Garlic and Health
It is not difficult to incorporate a clove of garlic to his daily diet and it happens to be one of the five "magic" ingredients of polymeal recipe that promotes longevity according to a British institute.
The legend of cloves of garlic forming a protective wall against vampires could have been inspired by the actual protection it provides against infection when eaten or rubbing its hands.
History
Garlic is grown from 5000 years in Central Asia, then in Egypt and later in Europe.
The Ebers Papyrus, one of the oldest medical treatises, among 700 ingredients of the Egyptian pharmacy quoted in forty garlic remedies.
The Greek athletes eat it to improve circulation and promote performance (doping is not something new!).

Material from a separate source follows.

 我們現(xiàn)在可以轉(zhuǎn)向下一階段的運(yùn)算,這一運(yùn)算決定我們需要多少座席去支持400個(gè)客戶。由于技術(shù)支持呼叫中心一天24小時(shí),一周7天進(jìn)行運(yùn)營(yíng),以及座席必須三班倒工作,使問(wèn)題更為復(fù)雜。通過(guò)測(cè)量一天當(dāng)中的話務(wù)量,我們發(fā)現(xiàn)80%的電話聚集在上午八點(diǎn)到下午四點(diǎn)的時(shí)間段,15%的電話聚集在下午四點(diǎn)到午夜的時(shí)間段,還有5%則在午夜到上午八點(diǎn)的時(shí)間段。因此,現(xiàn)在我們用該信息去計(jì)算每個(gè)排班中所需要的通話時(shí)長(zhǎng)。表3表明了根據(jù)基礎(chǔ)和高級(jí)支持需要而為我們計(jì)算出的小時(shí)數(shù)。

Pliny the Elder in his Natural History gives a list of medicinal properties of garlic.
This is the essential ingredient with mint of the famous recipe of four thieves who plundered the cities devastated by cholera, without feeling the effects.
Garlic is found in many ancient cultures where it generally represents a protection against evil.
Useful nutrients
- Essential oils: allicin, diallyl disulphide, Alliin, alliinase, inulin.

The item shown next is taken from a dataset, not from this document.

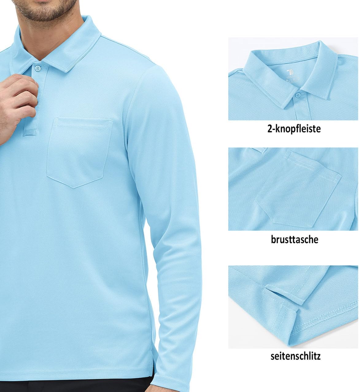 - ✓ Herren Polo Kragen Funktionsshirt mit Brusttasche am linken Seite für schlüssel, karten und andere tragbare gegenstände.
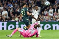 Vinicius Junior of Real Madrid CF during the UEFA CHAMPIONS LEAGUE match between Real Madrid CF and Manchester City FC at Bernabeu stadium on December 10, 2025.

- Vitamins A, B1, B2, C and E.
- Selenium.
- Silica, sulfur, iodine, with disinfectant properties.
- Ajoene, an anticoagulant.
The allicin is one of the components which confers natural antibiotic properties to garlic.
Health benefits
Among centenarians may be found a good proportion of high consumers of garlic, and that reflects, among other medicinal properties, its anti-inflammatory quality, the capacity to fight against inflammation being a factor of longevity.
Main benefits:
- Antibiotics.
- Anti-parasite.
- Hypoglycaemia.
- Hypotensive.
- Disinfect intestine.
- Antirheumatic.
- Anticoagulant.
- Antioxidant.
The effects of garlic are to stimulate the heart, to facilitate blood circulation, combat inflammation, protect the brain and the cardiovascular system, reduce the adverse effects of diabetes, promote digestion, fight against cancer and increase longevity .
He fights the flu, angina, cancer, diarrhea, infections of all kinds and poisons.
Consumption and production
It is consumed in all countries of the world.
The biggest producers are in order and thousands of tons, China (12,000), India (645), South Korea (325), Russia (254), USA (225). (Values in June 2008).
References
- Effects of garlic on blood.
- Garlic and vaso-dilatation.
- Consumption of garlic does not lower cholesterol, according to another study.
- Eric Block (1985). "The chemistry of garlic and onions." Scientific American. Garlic contains ajoene.